# Couple of questions from an N scale newbie



## Stratuslowrider

I am relatively new to N scale, and havent been in the model RR scene in many years. I am looking at doing a shelf layout for my sons room (13 weeks old). This will be more of a look only dont play layout. I am still working on the track layout, but it will likely be straight track with a switch or two. I plan on setting the time frame in the late 1800's early 1900's, somewhere in the mountains. Looking at a steam loco (painted in Purdue colors...Purdue grad along with father in law), 3 rolling cars at most and a couple of buildings that will represent each Grandparents house/occupation. All in all it will be more like a diorama with a train that can move around the Town of Elijah (my sons name) Enough with the details, on to the questions!

1. Since i have cat, has anyone ever totally enclosed a small layout?? I was thinking of doing a clear plexi glass or acrylic front with the other three sides enclosed and using some nice LED lights to light it up. Any ideas or suggestions??

2. Since I wont be running the train all the time, how hard would it be make the controller detachable from the layout?

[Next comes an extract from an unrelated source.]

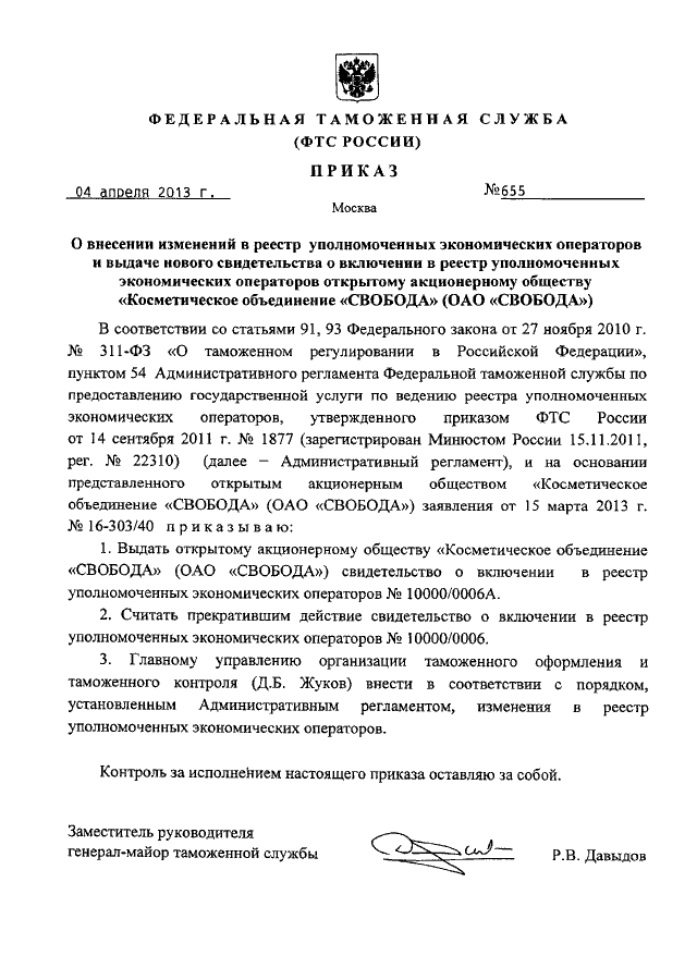 ПРИКАЗ ФТС РФ от 04.04.2013 N 655 "О ВНЕСЕНИИ ИЗМЕНЕНИЙ В РЕЕСТР УПОЛНОМОЧЕННЫХ ЭКОНОМИЧЕСКИХ

Thanks in advance for any ideas/suggestions. Some people may wonder why start so small and have limited functionality, but space is limited and hopefully once the wifey sees the detail on how sweet it looks, I will get my door layout!! Jon


----------



## Smokestack Lightning

If your son is anything like mine. As far as look, don't touch, let's just say good luck with that. I would design it with sturdiness in mind with an infant or toddler. We gave my son his train set for his 4th birthday and it is still tough to get him to be gentle enough with it. I have seen lexan enclosures before. I can't find an example online, but it was similar in design to this display box with open ends.


----------



## tjcruiser

We had a photo of a coffee table layout on the forum just a few days ago. Literally that ... built inside a glass-covered coffee table.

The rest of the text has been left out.